We built the MVP quickly, in just two months, and then in four more months we brought the fully functional product to completion. And implementing AI and ML took 1.5 years from the project start.
Tuning Up the Messenger Broker
The client had been using the Apache Pulsar messenger broker. And their developers had been scaling it the wrong way, which we had to turn around. Eventually, we managed to tune the broker up but the client had to change something in their firmware.
Data Simulation
It is difficult to predict how each device will behave depending on its environment, as even particular wall materials may affect the signal quality. On top of that, we needed to generate 1,000,000 payloads per second. All that made simulating the behavior of the system a bit of a challenge.
What we did was use a separated cluster on Kotlin specifically for these cases.
Testing
We only did automated quality assurance. Manual tests were the remit of our client.
Product
The system we built is a unique software platform for seamless subscriber management and network visibility. It consists of a website, a set of analytics tools and a command-line interface.
We also made the system compliant with telecommunication standards like TR-069, TR-181, TR-369, TR-089, TR-106, TR-131, TR-135, TR-140, TR-142, TR-143, TR-157, TR-196, TR-330, TR-247 and TR-255.
The application elevates performance over basic connectivity via end-to-end visibility of the entire network. Identifying issues in real-time improves customer satisfaction, retention and quality of experience.
Through common APIs, the application can be seamlessly integrated with existing operational support systems and business support systems used by our client’s customers. The Customer-Premises Equipment (CPE) doesn’t have to be our client’s device.
The application provides a wealth of service options and customizations for Internet service providers.
Deployment
We used a Kubernetes cluster with Java microservices and React for GUI. Using microservices allows our client to support huge data throughput and scale inexpensively. In addition, it helps support real time analytics for any payload which we receive.
To allow operators to check network health, configure alerts and use traceability, we paired Grafana with Prometheus.
Microservices
The system consists of several microservices, each with a specific purpose.
- The Ingestors services convert data models from any router to the TR181 model, which is standard for the industry.
- Adapters process the TR181 model and create metrics (time series data) based on it. Metrics look like a point with a timestamp and a value like CPU usage or signal strength at a particular period of time.
- The CPE Control module allows the operator to specify commands for the device – this can be done right after the endpoint has been called. The commands span device reboot, factory reset or specifying passwords for access points.
- With the Firmware Upgrade module, operators can schedule firmware upgrades for any device connected to the platform.
- As part of real-time analytics, statuses show whether a particular router is healthy or not. The operator can also check specific router parameters over the cloud infrastructure.
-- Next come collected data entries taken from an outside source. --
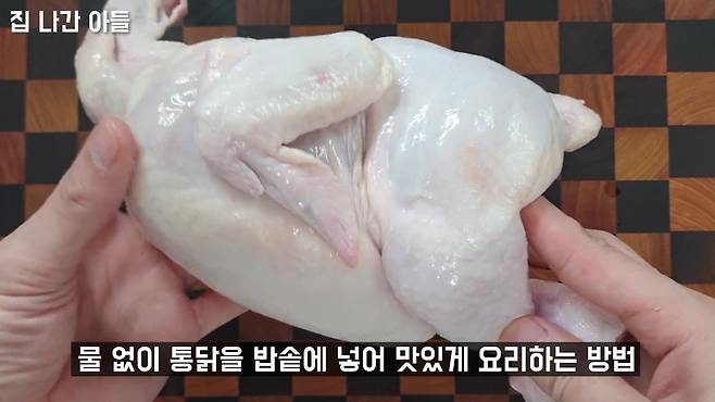 1. 신선한 닭 한 마리 준비 물 없이도 가능한 밥솥 통닭요리! 닭은 손질해서 준비해주세요.
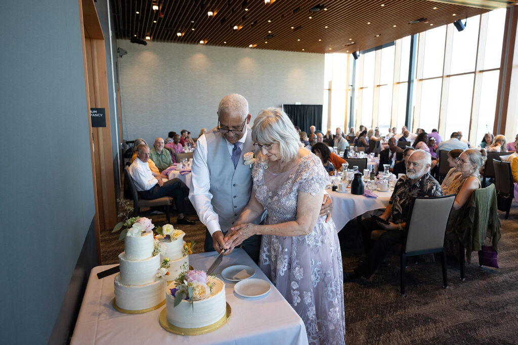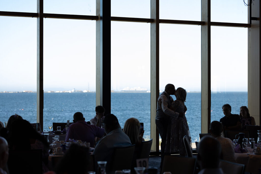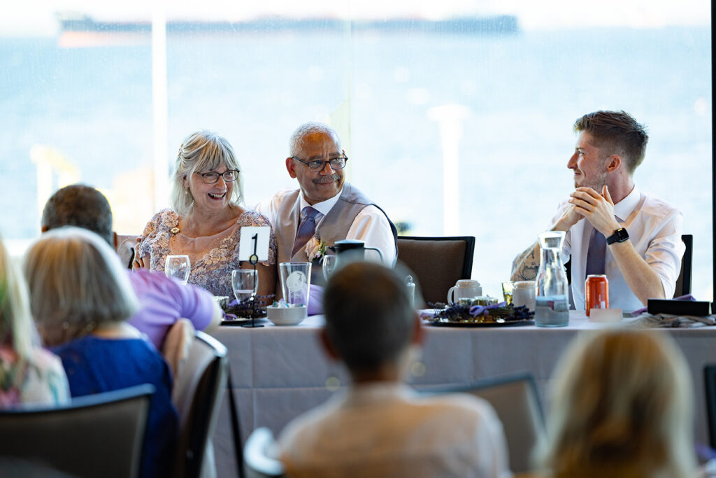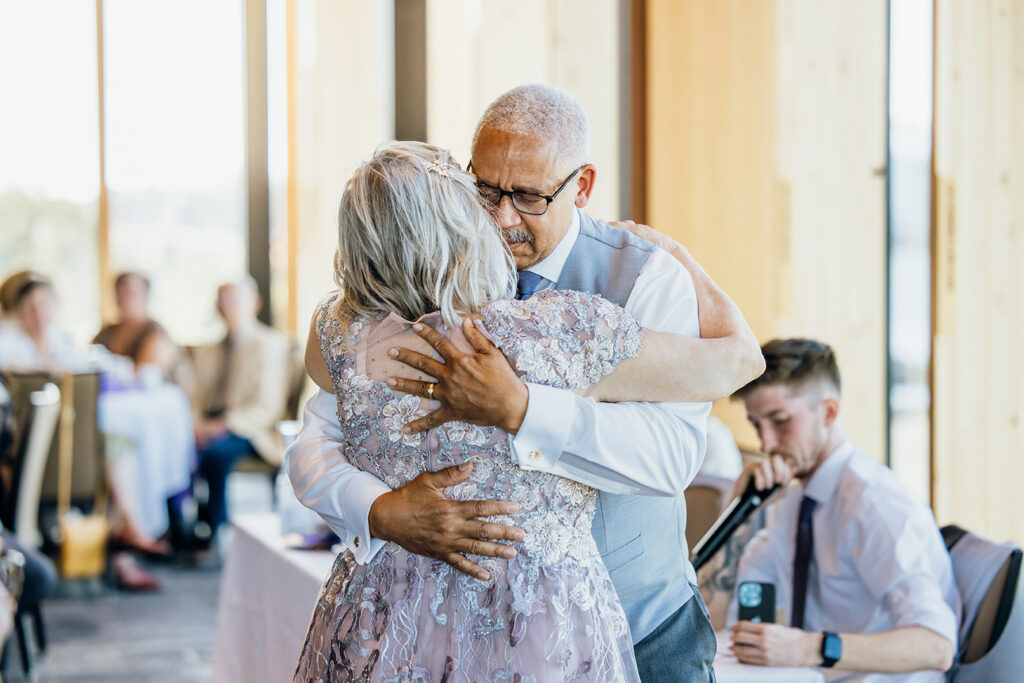 Their celebration continued at Field Arts & Events Hall, where guests were welcomed from the ceremony to a stunning waterfront indoor reception. With breathtaking views of the water, elegant modern design, and seamless onsite amenities, the space created an effortlessly sophisticated setting for dining, dancing, and celebrating with friends and family.
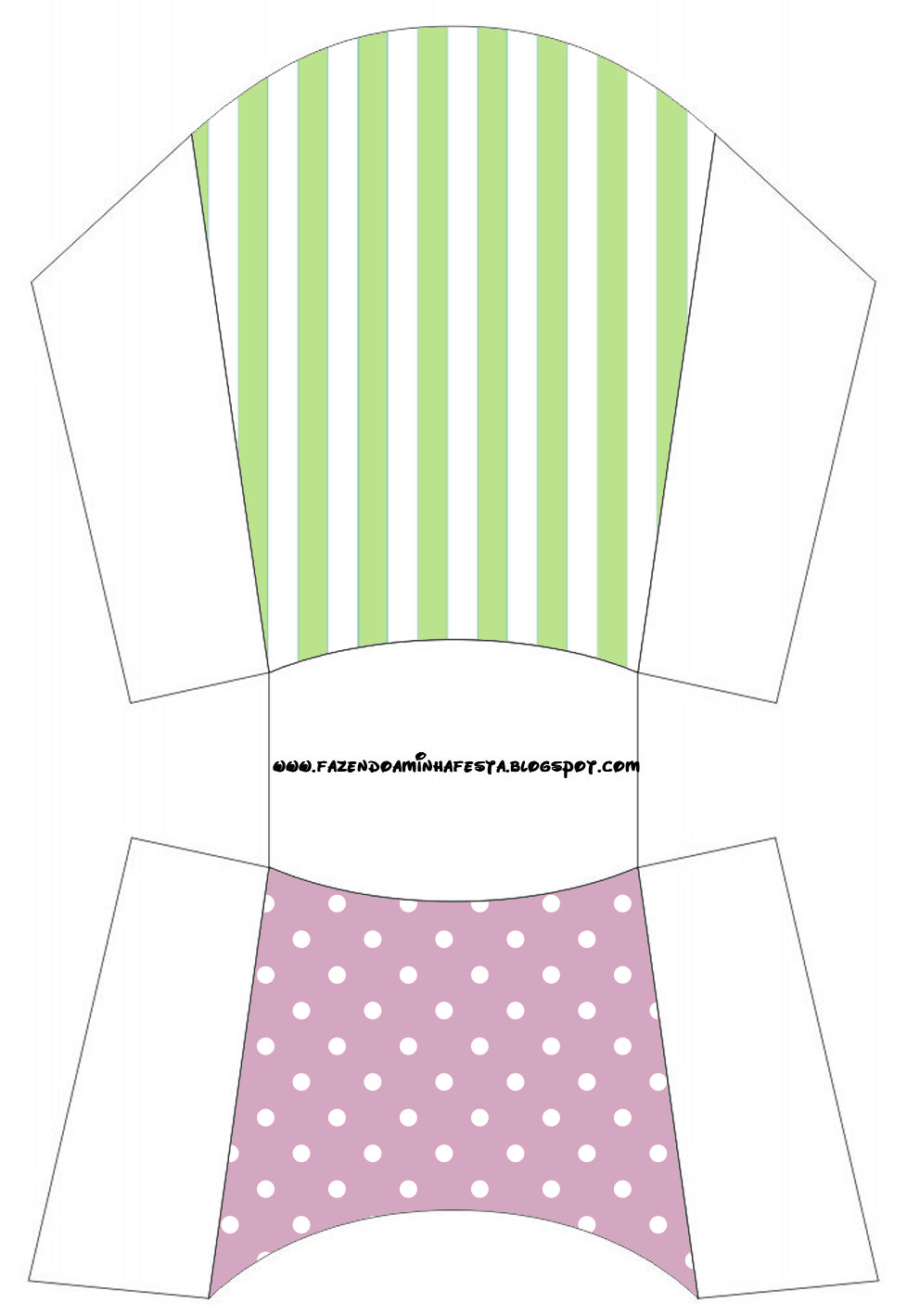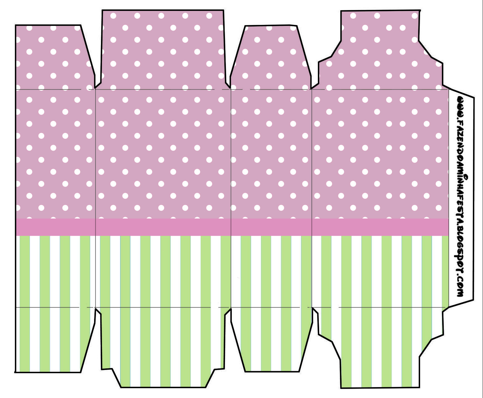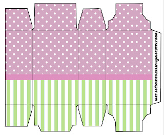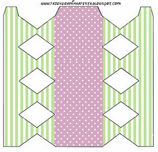 Caixa Pipoca Verde Listrado e Lilás Poá:
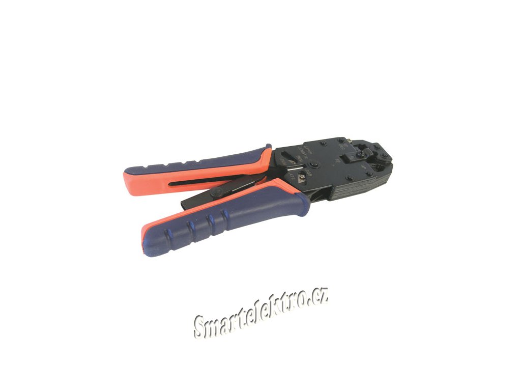 Kleště lisovací telefonní TIPA 501009 HQZamačkávací kleště na telefonní konektory 8P8C (RJ45), 6P6C (RJ12), 6P4C (RJ11), 6P2C včetně ořezávače a odizolovače. Zabudované mechanické blokování.
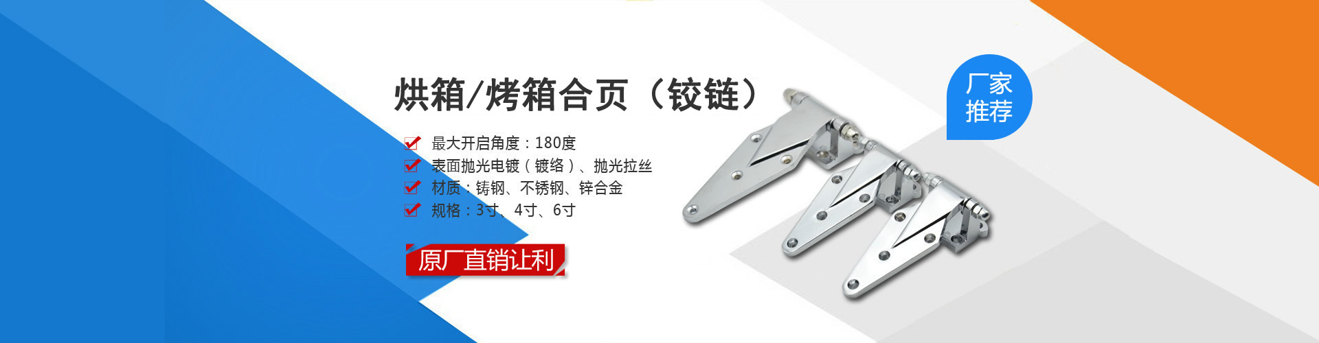 平門鉸鏈鋅全金材質(zhì)鍍亮鉻,用于冷柜櫥柜門上.

- Users sometimes call support when their WiFi signal is poor. The Alerts module will notify the operator of a problem and suggest fixes before that happens.
- The Dashboard module allows operators to configure over 100 widgets available with the application to handle particular types of upcoming data.
- Another useful feature for operators is Session Manager. Using it, they can debug routers that are connected to the cluster.
- Finally, the advanced module that took us the longest to build is the ML/AI Cloud. It is instrumental to further development of the product. Our client can use the Cloud to train the artificial intelligence model to meet their customers’ prospective needs.
Storage
We used PostgreSQL to store static values and constants, whereas MongoDB is in place for time series data. Cache is distributed and is enabled with Redis. And for historical data we used AWS S3.
Message Broker
The system relies on Kafka for most cases. But when it’s not enough for brokering messages, Apache Pulsar is used.
Results
It took us about 18 months to develop the fully functional, AI-powered system. It now processes around 1,000,000 payloads from 1,000,000 routers per second. And soon after it went live, operators using it were able to reduce their costs for customer support and improve customer communications.
This project was also a great educational experience, as we learned to work with a tool that was new to us: Apache Pulsar. And we continue to improve the product going forward. Adding further industry standards and supporting new routers are next in our pipeline.